** Task **
Begin at the top of the entries below and write out every line through the one containing "FLEETWOOD 44X27 |", excluding pictures.

** Available data **
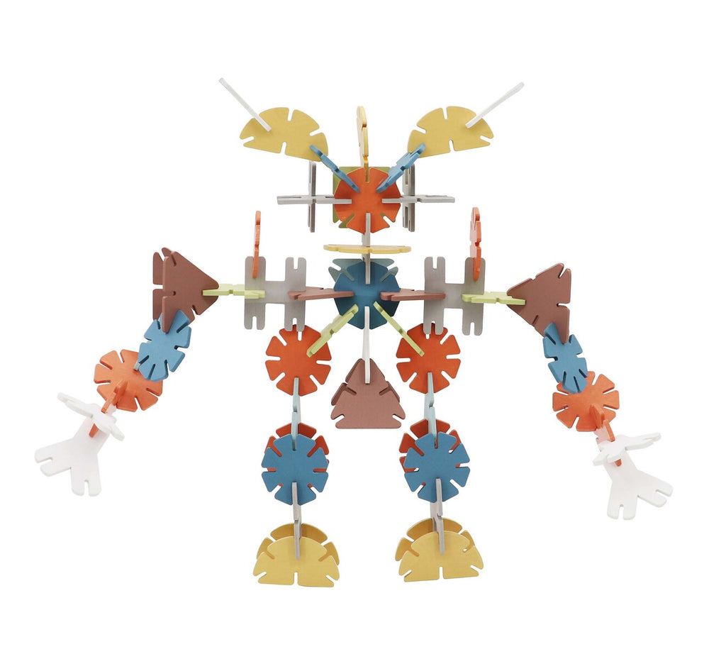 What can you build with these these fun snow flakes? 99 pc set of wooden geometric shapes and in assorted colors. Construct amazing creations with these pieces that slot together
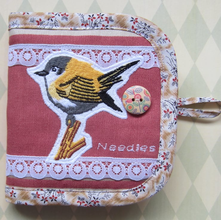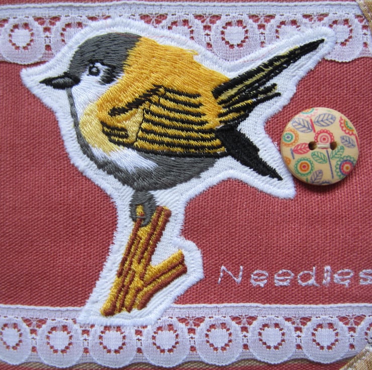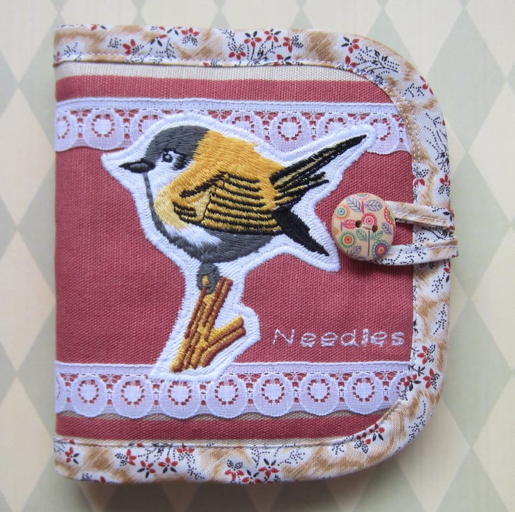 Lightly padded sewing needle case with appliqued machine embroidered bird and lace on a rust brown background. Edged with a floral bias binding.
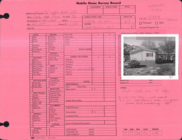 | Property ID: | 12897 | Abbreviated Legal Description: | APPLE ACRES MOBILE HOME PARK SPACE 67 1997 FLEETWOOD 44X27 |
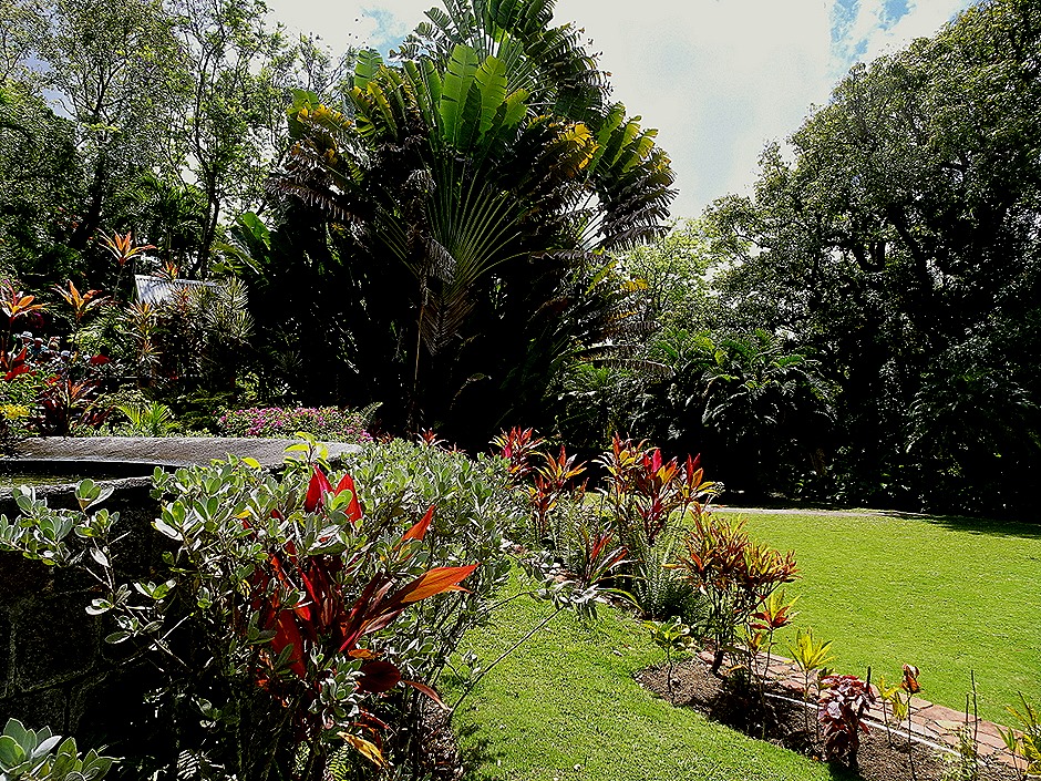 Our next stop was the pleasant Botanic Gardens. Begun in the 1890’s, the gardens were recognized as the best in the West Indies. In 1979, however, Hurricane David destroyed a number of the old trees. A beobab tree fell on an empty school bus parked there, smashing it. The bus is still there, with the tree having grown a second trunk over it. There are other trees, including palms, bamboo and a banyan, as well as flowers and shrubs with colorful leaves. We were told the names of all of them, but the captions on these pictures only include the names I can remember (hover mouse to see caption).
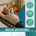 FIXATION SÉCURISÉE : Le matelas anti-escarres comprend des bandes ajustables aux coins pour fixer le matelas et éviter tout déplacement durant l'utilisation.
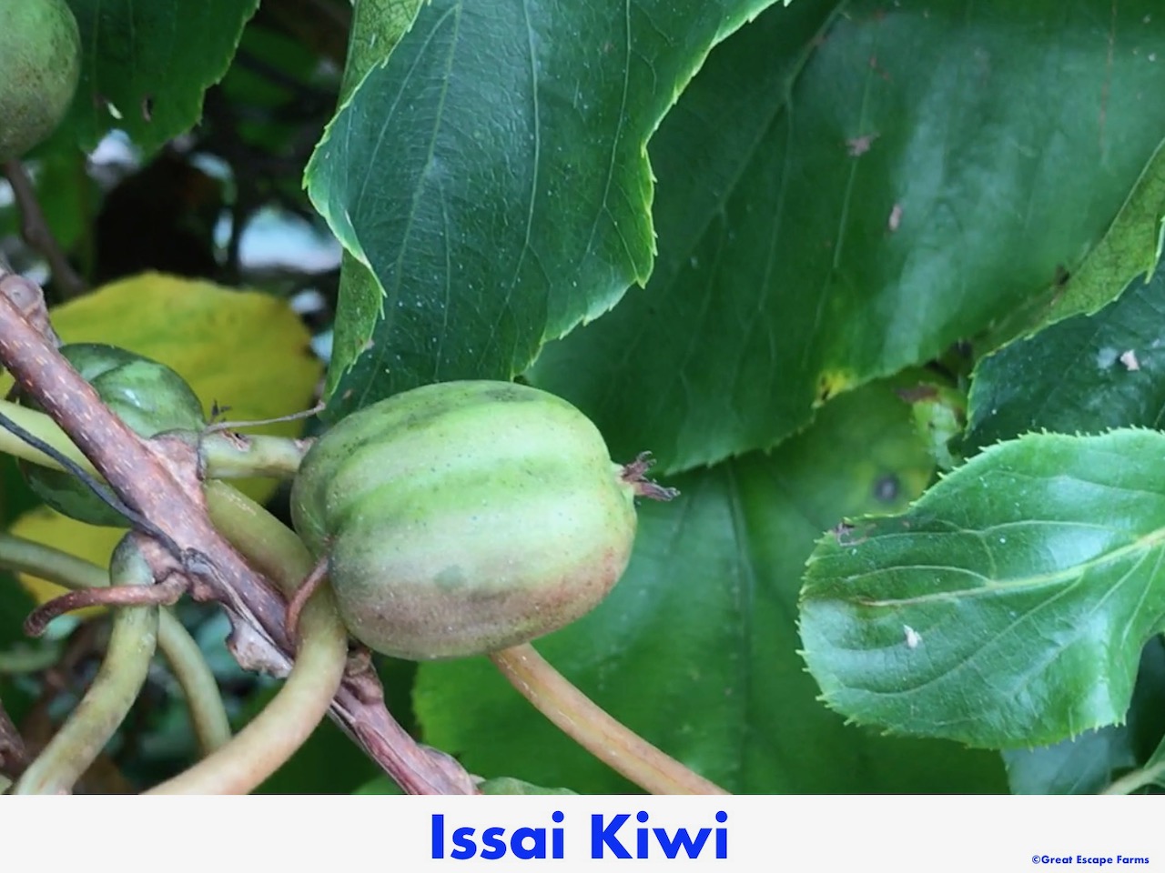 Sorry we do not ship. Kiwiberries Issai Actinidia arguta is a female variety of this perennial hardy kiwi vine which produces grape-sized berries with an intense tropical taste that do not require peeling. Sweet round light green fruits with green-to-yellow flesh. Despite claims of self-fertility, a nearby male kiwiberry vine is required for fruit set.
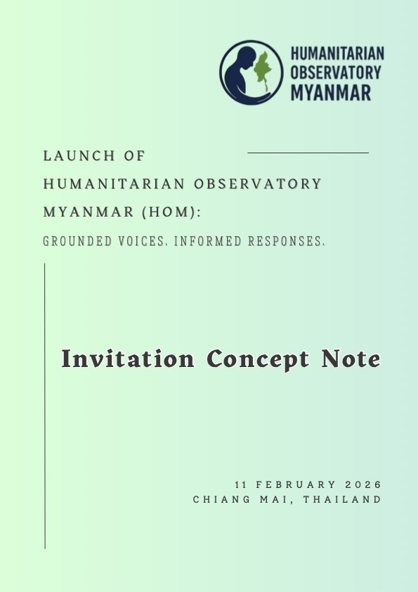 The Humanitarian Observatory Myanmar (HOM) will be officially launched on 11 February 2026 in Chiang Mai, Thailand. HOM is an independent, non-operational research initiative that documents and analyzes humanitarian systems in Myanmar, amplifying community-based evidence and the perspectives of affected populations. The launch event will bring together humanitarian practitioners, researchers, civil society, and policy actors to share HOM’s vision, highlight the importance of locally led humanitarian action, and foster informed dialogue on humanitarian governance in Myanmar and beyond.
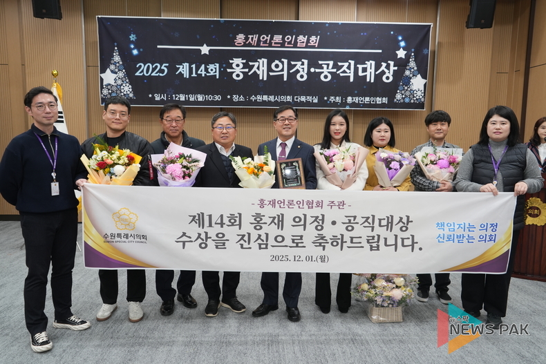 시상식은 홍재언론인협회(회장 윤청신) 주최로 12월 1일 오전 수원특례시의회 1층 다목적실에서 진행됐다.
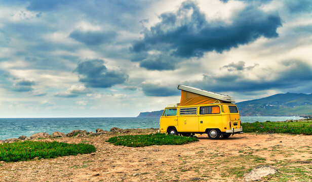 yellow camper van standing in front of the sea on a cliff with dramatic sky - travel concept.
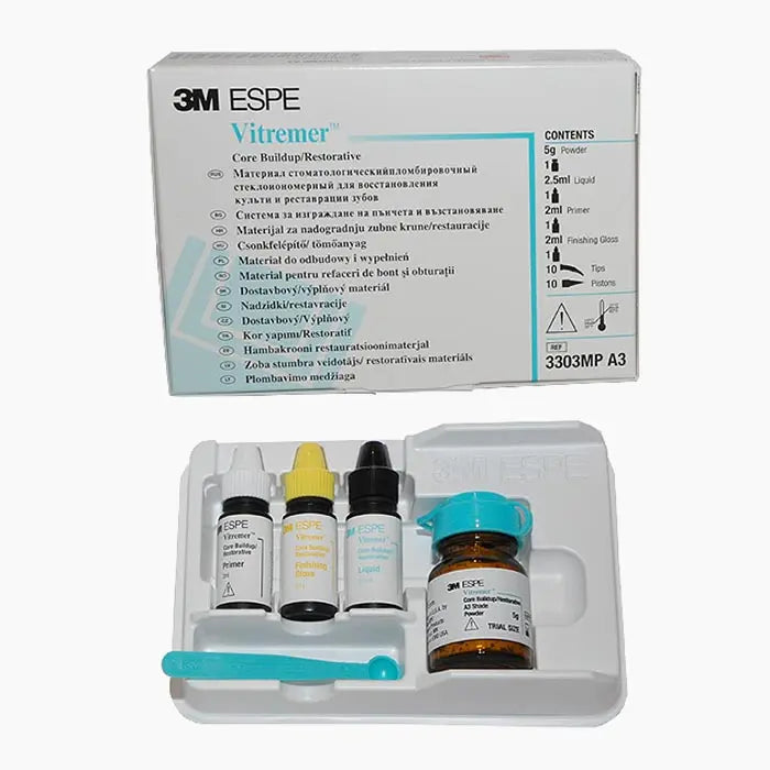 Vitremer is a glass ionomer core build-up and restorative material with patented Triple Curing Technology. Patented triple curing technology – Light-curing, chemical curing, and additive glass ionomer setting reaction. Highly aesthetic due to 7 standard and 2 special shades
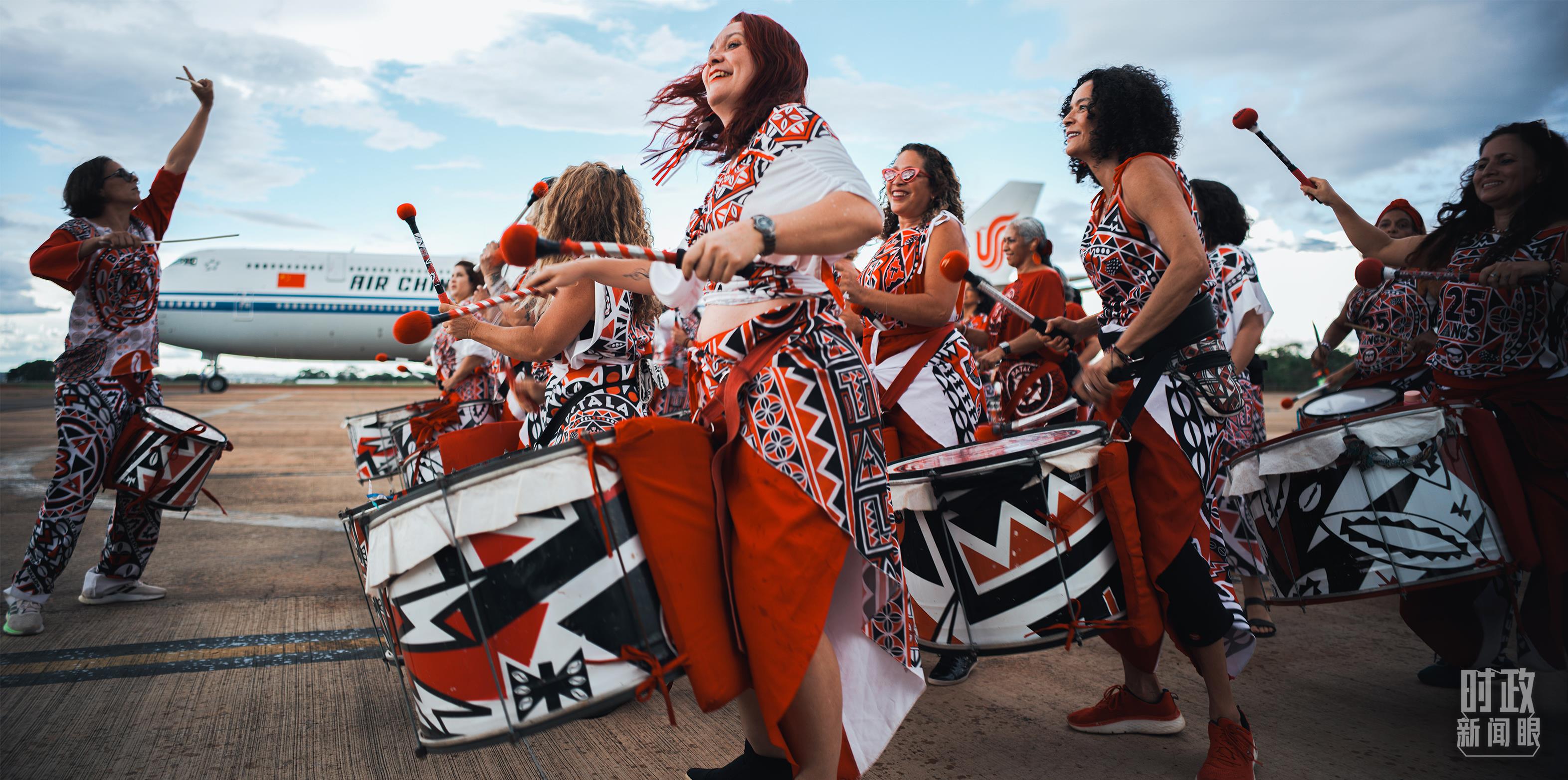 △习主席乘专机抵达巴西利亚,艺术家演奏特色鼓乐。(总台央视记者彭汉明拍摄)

** Exercise answer **
 What can you build with these these fun snow flakes? 99 pc set of wooden geometric shapes and in assorted colors. Construct amazing creations with these pieces that slot together
 Lightly padded sewing needle case with appliqued machine embroidered bird and lace on a rust brown background. Edged with a floral bias binding.
 | Property ID: | 12897 | Abbreviated Legal Description: | APPLE ACRES MOBILE HOME PARK SPACE 67 1997 FLEETWOOD 44X27 |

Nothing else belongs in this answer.